#### Problem description:
Copy out every line of the data exactly; do not include the images.
:: Data ::
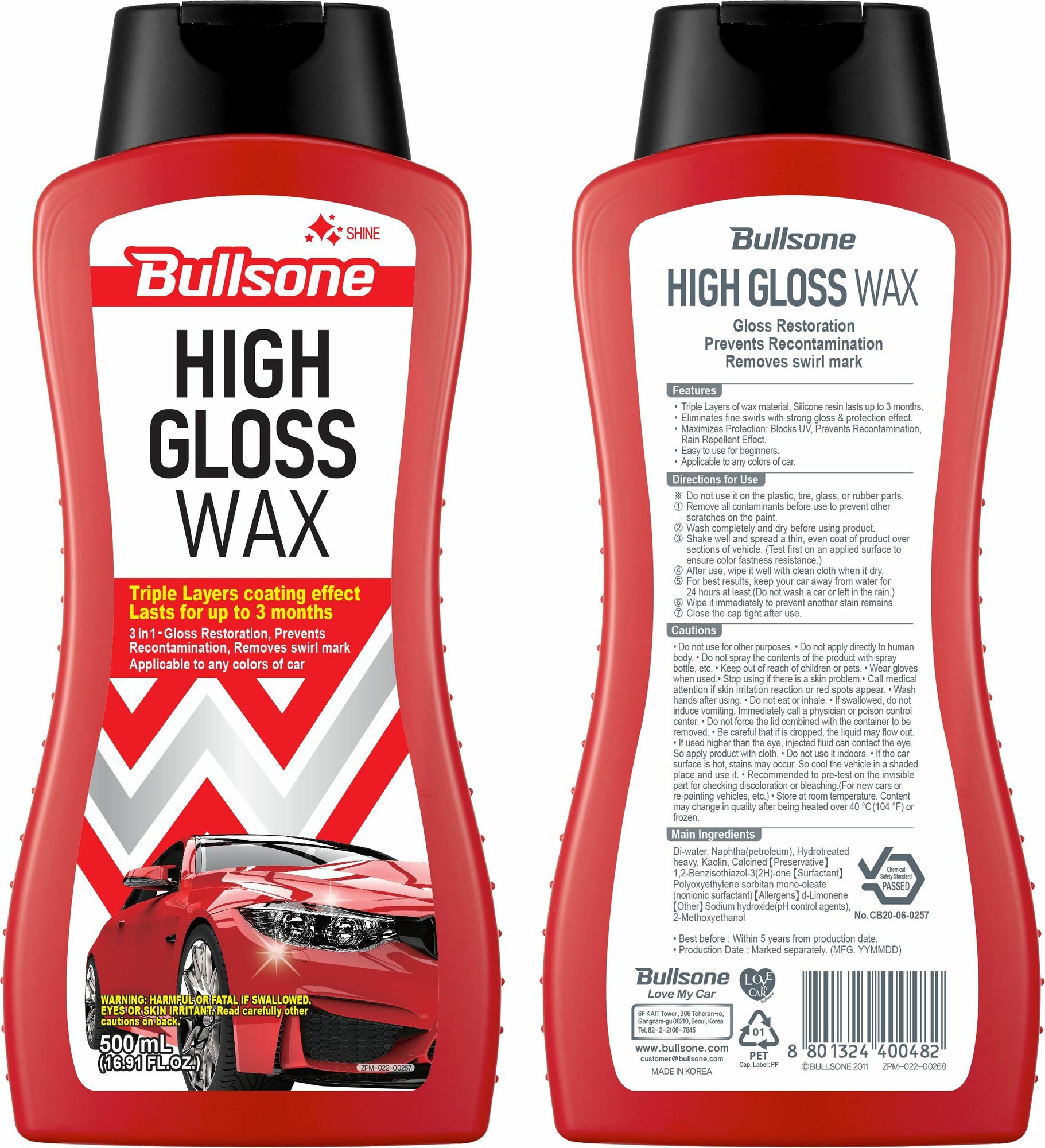 Купить Полироль защитный "High Gloss Wax", с эффектом жидкого стекла, 3-слойное покрытие, 500 мл BULLSONE, Корея
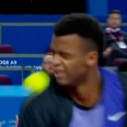 Video | Tennisser raakt bal verkeerd en blesseert zich aan zijn oog
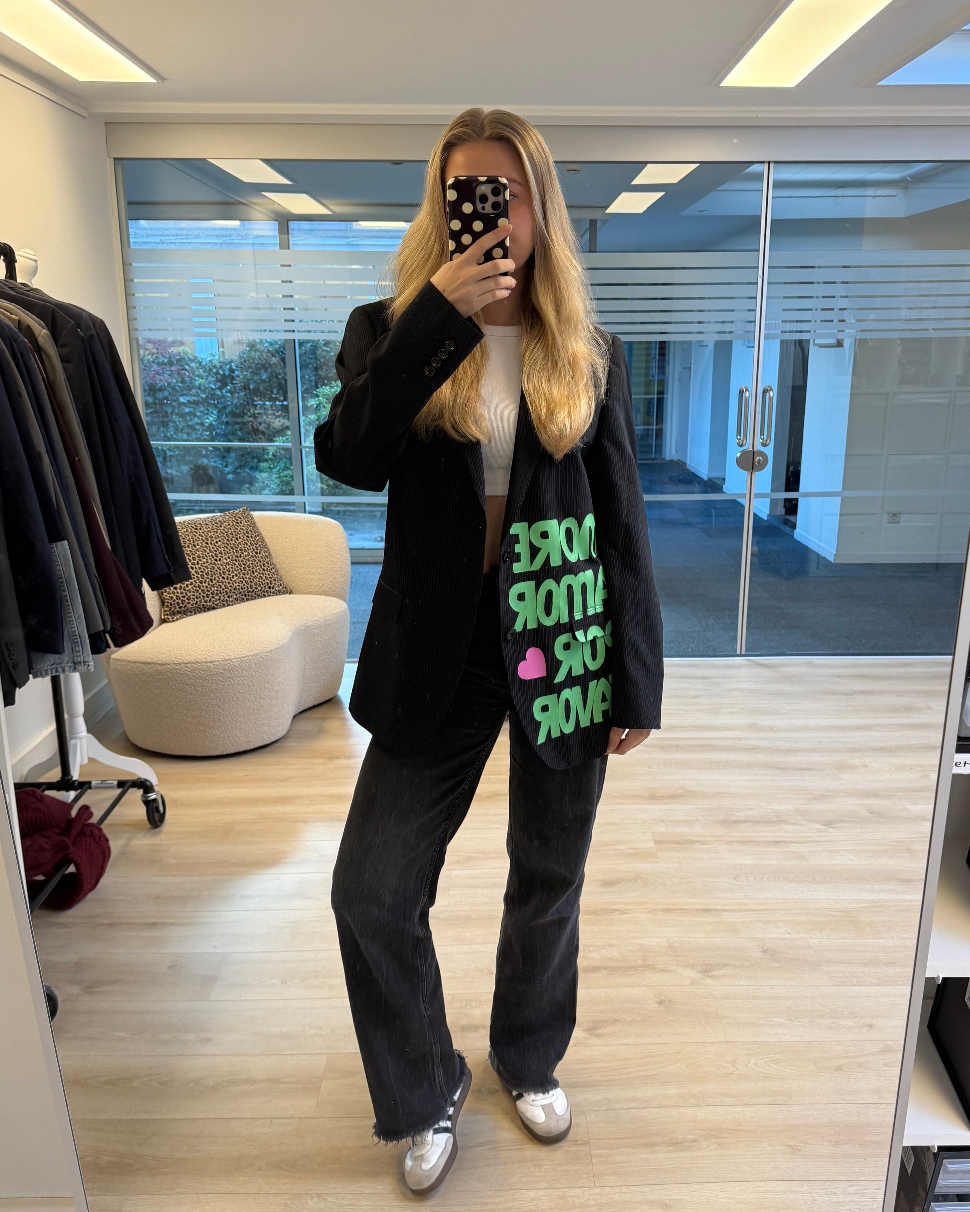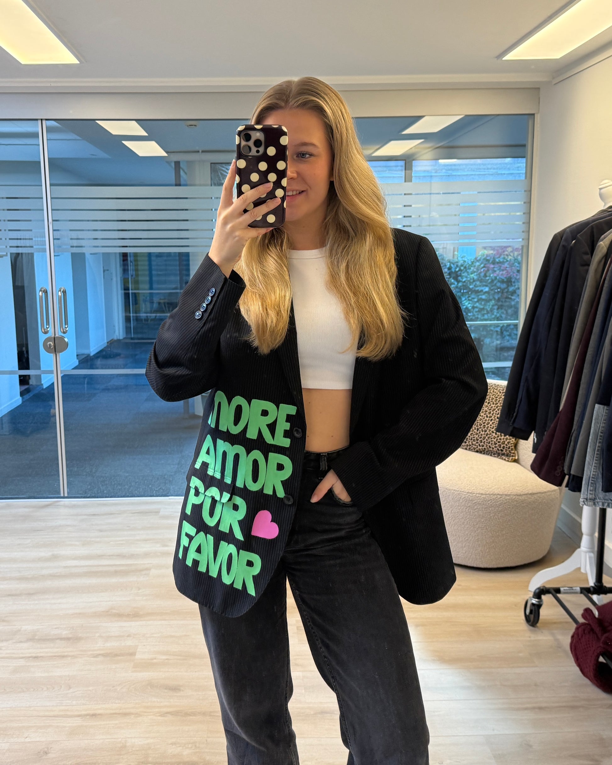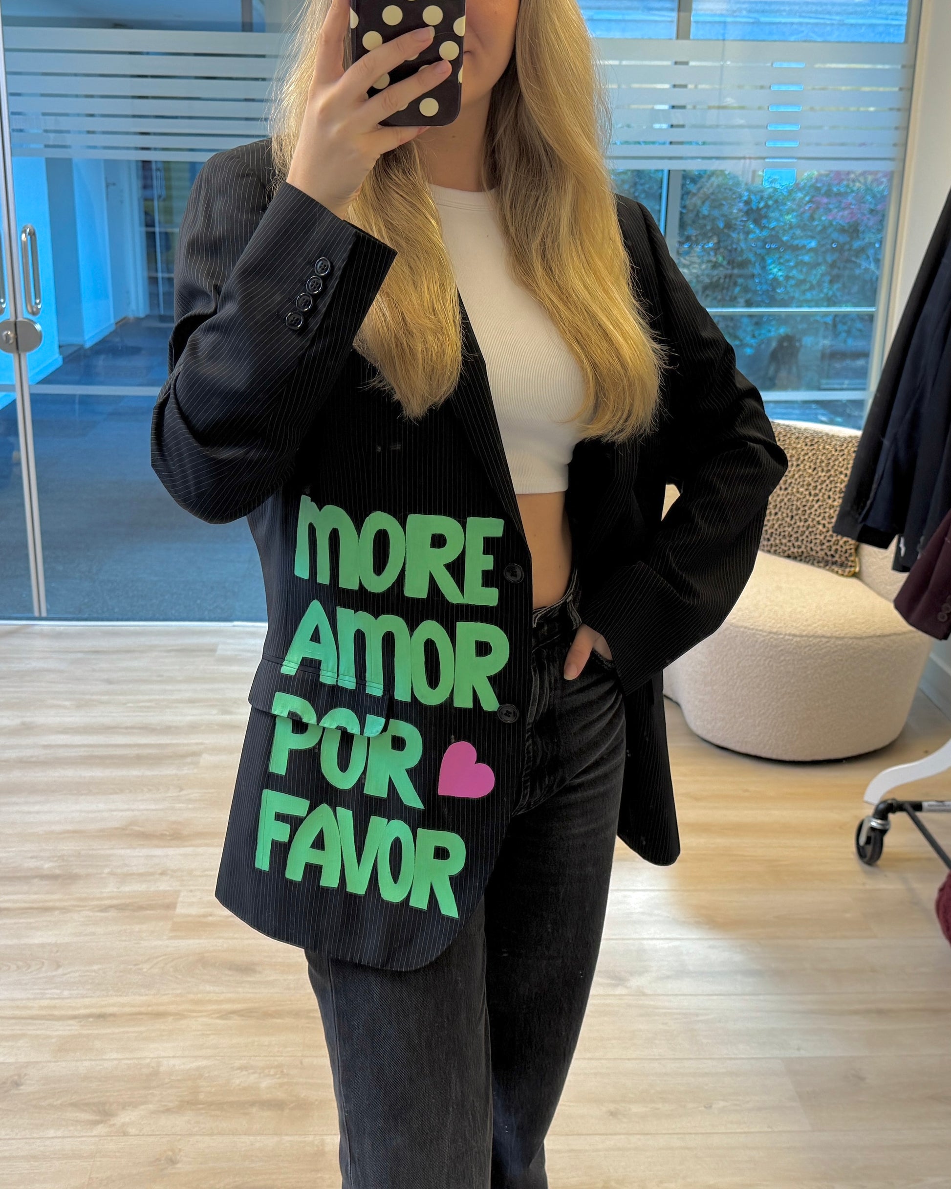 More amor por favor 💚 Deze handgeschilderde blazer is echt een statement piece. Elke blazer is gemaakt van een vintage exemplaar en met de hand voorzien van unieke details — er is dus van elke maar één! Perfect voor wie houdt van een opvallende, creatieve look. De pasvorm is oversized, dus check dat even goed bij het kiezen van je maat 💗
:::
#### Solution to the problem:
 Купить Полироль защитный "High Gloss Wax", с эффектом жидкого стекла, 3-слойное покрытие, 500 мл BULLSONE, Корея
 Video | Tennisser raakt bal verkeerd en blesseert zich aan zijn oog
 More amor por favor 💚 Deze handgeschilderde blazer is echt een statement piece. Elke blazer is gemaakt van een vintage exemplaar en met de hand voorzien van unieke details — er is dus van elke maar één! Perfect voor wie houdt van een opvallende, creatieve look. De pasvorm is oversized, dus check dat even goed bij het kiezen van je maat 💗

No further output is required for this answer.